And maybe, just maybe, you’re daily hour of recovery would be spent under the hands of an athletic therapist, or a massage therapist.  This would surely speed your recovery from hard training, and allow you to return to the same daily regimen again tomorrow.

If you were a pro, you would most likely train like one.  

But there’s a good chance that if you’re reading this, you’re not a pro…

Professional athletes don’t usually read what I write.  I wish they did, but I’ll be the first one to admit it; they have little reason to.

I am an age-group triathlete myself, nothing more…  And by day, I work full time as a strength and conditioning coach in a high school.  

Daily, I remind students that quality of training trumps quantity of training.  Period.  

There are plenty of examples I can use with students to prove this point, but they’re rarely required.  For the most part, they get it.    

Last year at the Lake Placid Ironman I was literally stunned to read about the number of hours the average Ironman finisher claimed to log in a week.  24!  

Was I reading that right? It was nearly double the amount I had allowed myself to do on average!

I envisioned three possible scenarios for the outrageous statistic:

  1. A vast majority of the tens of thousands of individuals surveyed were liars…
  2. More than half of the athletes surveyed were professional triathletes…
  3. The average Ironman finisher completes far too much meaningless training…

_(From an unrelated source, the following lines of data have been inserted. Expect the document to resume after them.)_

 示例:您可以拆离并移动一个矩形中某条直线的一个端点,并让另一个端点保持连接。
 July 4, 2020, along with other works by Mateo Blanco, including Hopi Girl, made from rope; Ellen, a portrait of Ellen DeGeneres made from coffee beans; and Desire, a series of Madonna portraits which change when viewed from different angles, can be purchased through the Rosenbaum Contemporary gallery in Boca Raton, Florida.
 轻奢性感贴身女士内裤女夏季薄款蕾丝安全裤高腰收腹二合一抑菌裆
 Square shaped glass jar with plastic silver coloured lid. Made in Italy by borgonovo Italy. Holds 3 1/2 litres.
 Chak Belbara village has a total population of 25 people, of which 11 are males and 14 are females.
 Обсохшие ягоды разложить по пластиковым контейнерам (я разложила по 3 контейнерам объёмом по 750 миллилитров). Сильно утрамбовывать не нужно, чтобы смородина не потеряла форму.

I was not a triathlon coach.  I had completed 8 shorter triathlon races myself before making the trip to Lake Placid, and I wouldn’t be telling the truth if I didn’t say I began to doubt myself.  Should I even be here?  

Sometimes we allow ourselves to get caught up in the very same mentality as the young (and much more competitively spirited) high school student athlete.  

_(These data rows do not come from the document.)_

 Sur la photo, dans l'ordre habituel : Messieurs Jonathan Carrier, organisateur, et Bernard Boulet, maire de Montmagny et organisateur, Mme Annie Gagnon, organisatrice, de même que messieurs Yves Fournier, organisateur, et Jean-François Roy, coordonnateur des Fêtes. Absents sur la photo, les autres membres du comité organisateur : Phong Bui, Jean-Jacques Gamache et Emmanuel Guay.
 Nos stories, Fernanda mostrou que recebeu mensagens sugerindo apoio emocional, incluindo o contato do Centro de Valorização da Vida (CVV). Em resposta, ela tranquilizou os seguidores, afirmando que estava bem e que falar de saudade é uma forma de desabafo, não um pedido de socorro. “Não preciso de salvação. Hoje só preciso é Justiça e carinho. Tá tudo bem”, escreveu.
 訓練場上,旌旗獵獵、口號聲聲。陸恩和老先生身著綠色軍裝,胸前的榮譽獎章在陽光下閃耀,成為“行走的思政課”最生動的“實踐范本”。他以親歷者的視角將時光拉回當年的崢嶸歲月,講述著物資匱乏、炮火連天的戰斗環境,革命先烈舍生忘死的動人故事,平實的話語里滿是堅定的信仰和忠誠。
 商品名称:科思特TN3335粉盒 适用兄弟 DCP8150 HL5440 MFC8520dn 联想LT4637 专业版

Suddenly, a quality focus toward training loses its value, replaced by the urge to log more hours, more laps, more miles…

I won’t deny that numbers can be extremely helpful when analyzing the big picture of your training load, but they can also be completely insignificant.  

Let’s not get carried away with the wrong numbers.

If we were professional athletes, yes, we would train like professional athletes.  But since we’re not, let’s operate within reason.  

When we find more time and energy for things that go beyond training (family, leisure, sleep), we often see an increase in the quality of work when we are training.  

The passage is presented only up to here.